Chapter 7 · CORE

LLM Client Wrapper (The Translator)

📄 07_llm_client_wrapper__the_translator_.md 🏷 Core

Chapter 7: LLM Client Wrapper (The Translator)

Welcome to the final chapter of the memU tutorial!

In the previous chapter, Workflow Pipeline Engine (The Assembly Line), we built a factory that processes information step-by-step.

However, there is one problem. Our factory speaks Python, but the AI models (like GPT-4, Claude, or Llama) speak different "languages" (APIs).

OpenAI expects a JSON object with messages.
A local model might expect a raw text prompt.
An audio model expects binary file data.

If you hardcode "OpenAI" into your pipeline, you are trapped. If you want to switch to a cheaper local model later, you have to rewrite your entire app.

We need a universal adapter. We need the LLM Client Wrapper.

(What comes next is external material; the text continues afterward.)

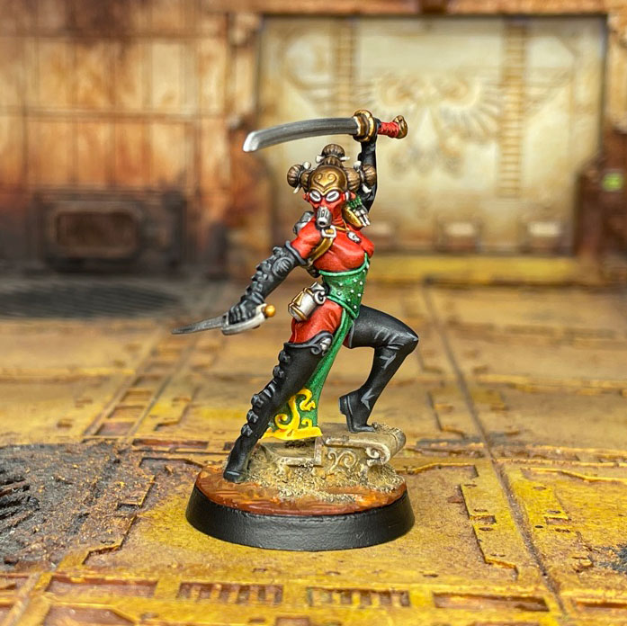The team's melee powerhouse. With 3APL, a 5+ invulnerable and a raft of abilities, and a unique action, she has the punch to win fights and to use orders on the way in or out of melee to stay alive.The Dartmask is an interesting 6” range Silent weapon, which while it only does 1/1 damage is Lethal 5+ with a Stun critical effect. In melee the much more damaging power weapon comes out, and 5 dice with 2+ to hit and Lethal 5+ means a lot of hits and a good chance of criticals.
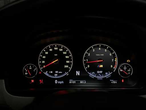 Opties: M Rear spoiler Glass roof, electrical Climate-controlled seats, front Active seat for driver and passenger Seat heating driver/passenger Seat heating, rear M multifunction seat Autom. climate control with 4-zone ctrl Ambient interior light Head-up display Headlight cleaning system Park Distance Control (PDC) Xenon Light Adaptive Headlights Lane departure warning Lane change warning Surround View Steering wheel column adjustment,electr. Steering wheel heater automatic trunk lid mechanism Soft-Close-Automatic doors Reversing camera Etc

The Motivation: The Universal Travel Adapter

Imagine you are traveling around the world. Every country has a different electrical outlet.

Without an adapter: You need to buy a new hair dryer in every country. (Rewriting code for every AI provider).
With an adapter: You plug your device into the adapter, and the adapter handles the wall socket.

The LLM Client Wrapper is that adapter.

It sits between memU and the outside world. The rest of the system just says "Chat with this", and the Wrapper figures out the technical details of talking to OpenAI, Anthropic, or a local server.

Key Capabilities

The Wrapper doesn't just send text. It standardizes four distinct "senses" for the AI:

Chat: Standard text conversation.
Vision: Looking at images and describing them.
Transcribe: Listening to audio files and turning them into text.
Embed: Turning text into lists of numbers (Vectors) for the database.

The Interceptor System (The "Middleman")

This is the most powerful feature of the Wrapper.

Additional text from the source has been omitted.